- [SUPPLIED DATA]:
━━━━━━━━━━
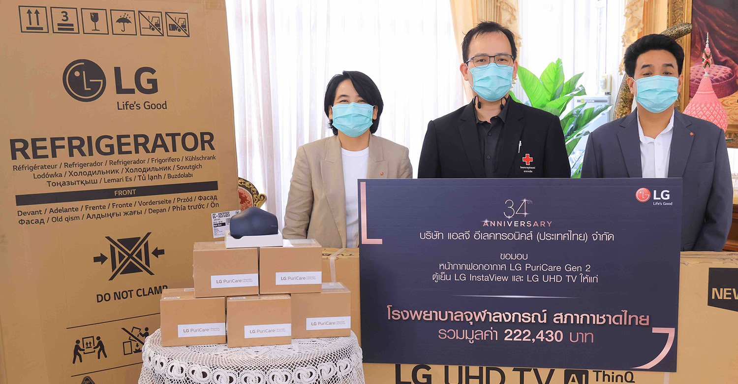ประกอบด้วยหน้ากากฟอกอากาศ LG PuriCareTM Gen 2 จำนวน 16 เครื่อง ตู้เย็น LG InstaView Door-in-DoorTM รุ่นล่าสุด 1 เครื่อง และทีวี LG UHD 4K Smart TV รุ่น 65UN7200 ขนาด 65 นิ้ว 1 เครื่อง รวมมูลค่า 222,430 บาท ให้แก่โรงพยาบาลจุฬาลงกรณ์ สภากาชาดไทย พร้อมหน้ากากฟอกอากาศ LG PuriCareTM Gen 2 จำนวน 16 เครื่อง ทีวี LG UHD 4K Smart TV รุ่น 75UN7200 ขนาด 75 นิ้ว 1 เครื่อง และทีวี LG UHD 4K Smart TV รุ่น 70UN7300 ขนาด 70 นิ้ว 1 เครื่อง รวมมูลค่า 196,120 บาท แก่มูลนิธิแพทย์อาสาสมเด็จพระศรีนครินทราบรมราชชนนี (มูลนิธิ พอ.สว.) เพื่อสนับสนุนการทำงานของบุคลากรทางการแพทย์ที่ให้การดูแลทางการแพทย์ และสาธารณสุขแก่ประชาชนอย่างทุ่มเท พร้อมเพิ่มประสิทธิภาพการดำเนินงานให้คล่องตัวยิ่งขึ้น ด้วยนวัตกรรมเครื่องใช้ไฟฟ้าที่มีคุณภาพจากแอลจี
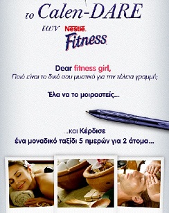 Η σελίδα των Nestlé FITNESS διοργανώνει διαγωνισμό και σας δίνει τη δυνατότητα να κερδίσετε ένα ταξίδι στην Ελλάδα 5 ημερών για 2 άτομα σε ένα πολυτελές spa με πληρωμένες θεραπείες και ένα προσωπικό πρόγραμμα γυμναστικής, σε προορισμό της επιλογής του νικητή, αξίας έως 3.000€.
━━━━━━━━━━
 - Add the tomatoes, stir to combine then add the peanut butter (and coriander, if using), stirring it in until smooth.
━━━━━━━━━━
- [YOUR ASSIGNMENT]: For the entries above, print exactly the lines between the one with "ประกอบด้วยหน้ากากฟอกอากาศ LG PuriCareTM" and the one with "Η σελίδα των", inclusive, with no pictures.

- [REPLY TO THE TASK]:
ประกอบด้วยหน้ากากฟอกอากาศ LG PuriCareTM Gen 2 จำนวน 16 เครื่อง ตู้เย็น LG InstaView Door-in-DoorTM รุ่นล่าสุด 1 เครื่อง และทีวี LG UHD 4K Smart TV รุ่น 65UN7200 ขนาด 65 นิ้ว 1 เครื่อง รวมมูลค่า 222,430 บาท ให้แก่โรงพยาบาลจุฬาลงกรณ์ สภากาชาดไทย พร้อมหน้ากากฟอกอากาศ LG PuriCareTM Gen 2 จำนวน 16 เครื่อง ทีวี LG UHD 4K Smart TV รุ่น 75UN7200 ขนาด 75 นิ้ว 1 เครื่อง และทีวี LG UHD 4K Smart TV รุ่น 70UN7300 ขนาด 70 นิ้ว 1 เครื่อง รวมมูลค่า 196,120 บาท แก่มูลนิธิแพทย์อาสาสมเด็จพระศรีนครินทราบรมราชชนนี (มูลนิธิ พอ.สว.) เพื่อสนับสนุนการทำงานของบุคลากรทางการแพทย์ที่ให้การดูแลทางการแพทย์ และสาธารณสุขแก่ประชาชนอย่างทุ่มเท พร้อมเพิ่มประสิทธิภาพการดำเนินงานให้คล่องตัวยิ่งขึ้น ด้วยนวัตกรรมเครื่องใช้ไฟฟ้าที่มีคุณภาพจากแอลจี
 Η σελίδα των Nestlé FITNESS διοργανώνει διαγωνισμό και σας δίνει τη δυνατότητα να κερδίσετε ένα ταξίδι στην Ελλάδα 5 ημερών για 2 άτομα σε ένα πολυτελές spa με πληρωμένες θεραπείες και ένα προσωπικό πρόγραμμα γυμναστικής, σε προορισμό της επιλογής του νικητή, αξίας έως 3.000€.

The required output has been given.